They're neither pretty nor fragrant, but during the second quarter, Wall Street's earthiest industries - metals, forest products, and chemicals - came into full bloom.
Mutual funds that invest in basic materials stocks flourished during a broad shift from expensive growth stocks to cheap cyclicals. The "rotation" followed hints of revival in the global economy, especially in Asia.
Along with such sunny expectations came concerns of inflation, which hit the smoldering embers of commodity prices like gasoline.
As commodity prices flared, mutual funds that invest in commodity producers bolted upward from a long sleep. A jump in the price of oil, for instance, lifted oil-service stocks by more than 30 percent in the second quarter.
But despite continued signs of foreign strength, funds that invest in basic materials producers might have already seen most of their gains for the foreseeable future, say equity analysts.
Investors might have overloaded on commodity producer stocks.

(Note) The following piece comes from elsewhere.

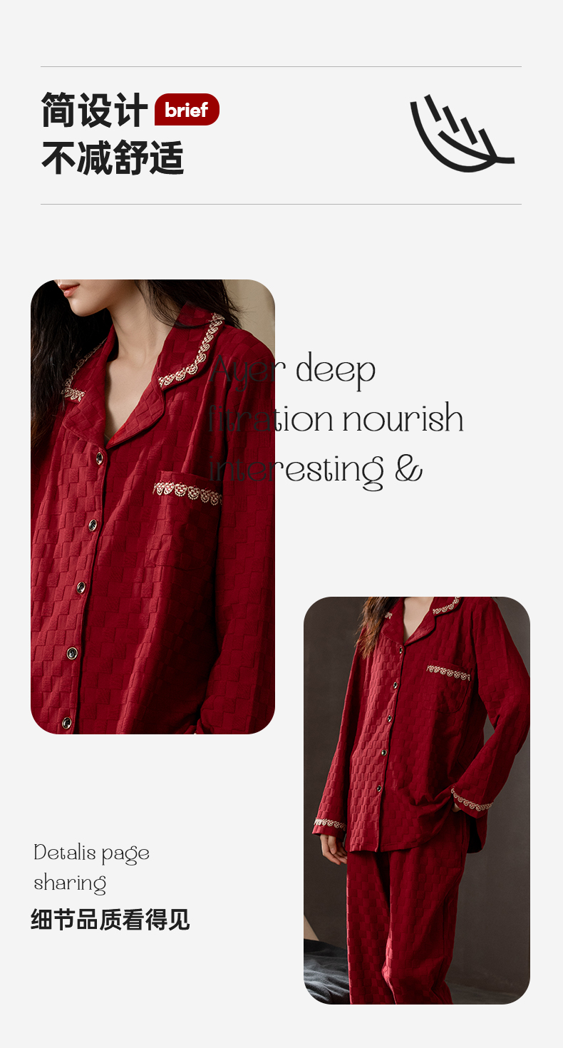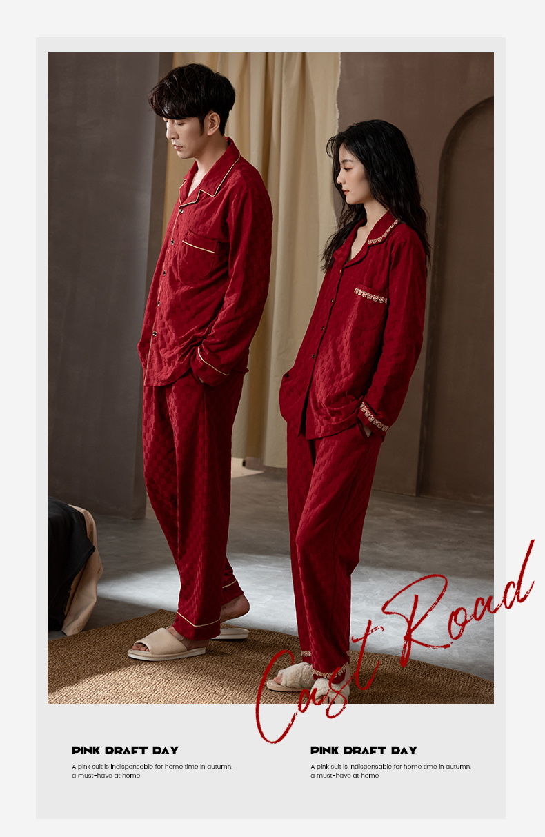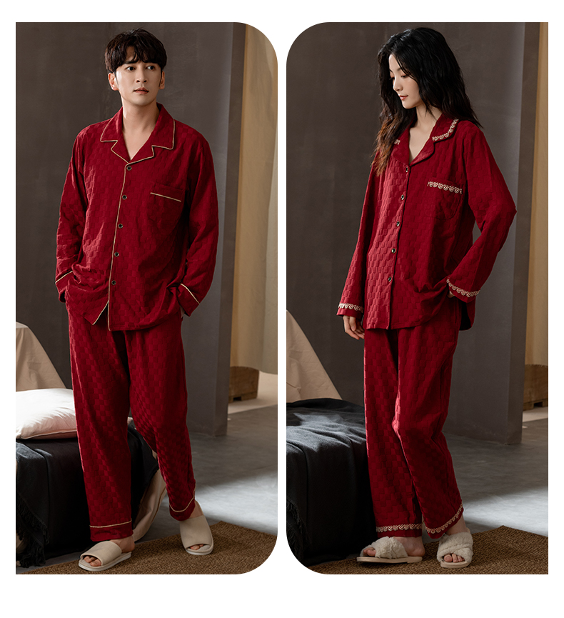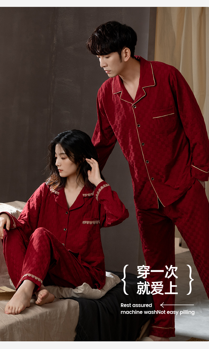 思馨坊红色睡衣女春秋款结婚新婚情侣纯棉家居服男士本命年可外穿

"This group has been on its back for so long, that when there was a rotational move, investors and analysts realized how cheap they were and everyone had to have the shares," says Tore Stole, paper and basic industries analyst at A.G. Edwards in St. Louis. "I think people realize they shouldn't have ignored the sector for so long," he says.
Hereafter, "it's a slow rebuilding," says James Wilbur, chemical sector analyst for Salomon Smith Barney. "For more gains, we see it as clawing our way up rather than bouncing our way up," he says.